Похоже, промариновать меня в камере, чтобы добиться своего, не принесло им никаких результатов. Не помогли уловки и угрозы, не сработали каверзные психологические ловушки, и теперь приходит время для хитростей и просто наглой лжи.
— Ваш друг сейчас в плохом душевном состоянии, если вы понимаете, о чем я говорю. — Мужчина со скучающим видом перелистывает документы в своей папке, затем поправляет очки и смеряет меня долгим, подозрительным взглядом. — Если он сознается первым, то ваши дела будут плохи, мистер МакКиннон.
— Сознается в чем? — После двух суток в заключении трудно оставаться спокойным, но мне это, кажется, удается.
— Все вы понимаете. — Он стучит шариковой ручкой по столу.
— И законы знаю неплохо. — Добавляю я, выпрямляясь. — Если у вас ничего нет, вы должны отпустить нас.
— Разве?
— Шериф ошибочно полагает, что его власть здесь безгранична.
— Возможно, как раз сейчас ваш друг Майкл дает против вас показания.
Зеваю, едва не вывихивая челюсть. Потягиваюсь.
— Вот это вряд ли.
— Мы донесли до него всю опасность вашего положения, и поэтому…
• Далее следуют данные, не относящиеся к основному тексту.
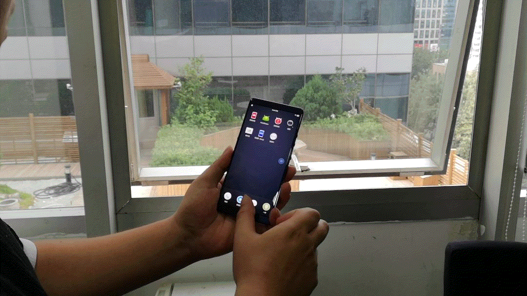 要想进入无限屏模式,我们只需要从手机底部滑动至中间部分停顿,就可进入无限屏模式。在无限屏模式中我们可以通过左右上下移动手机来实现快速的切换任务、快速进入应用、快速自拍、快速进入地图等操作。

— Думаю, вряд ли вам удалось запугать моего друга. Это во-первых. — Еще раз лениво зеваю. — Во-вторых, мы не делали ничего плохого, и у нас алиби на ночь нападения, о котором, кстати, нам неизвестно никаких подробностей, как бы вы не пытались нас на этом подловить. — Упираю локти в столешницу и с силой тру ладонями лицо, а затем смотрю в его хитрые серые глазенки: — Тон вашего разговора не слишком уверенный, уж простите, мистер. Это значит, что вы, возможно, обыскали наши дома, опросили свидетелей, или чего вы там еще обычно делаете? А, да, нас осмотрели: и одежду, и рожу, и только в жопу не заглянули, а зря — вдруг я там пушку прячу?
— Мистер МакКиннон!
— Или сыночек шерифа, насильник и трус, не от пушки пострадал? А, да, правильно — вы же нам не говорили. Вот и я буду молчать, как рекомендовал бы мне мой адвокат, если бы он у меня был. Вы ведь не дали мне ему позвонить? Все верно?
Мужчина гаденько улыбается и закрывает папку с делом.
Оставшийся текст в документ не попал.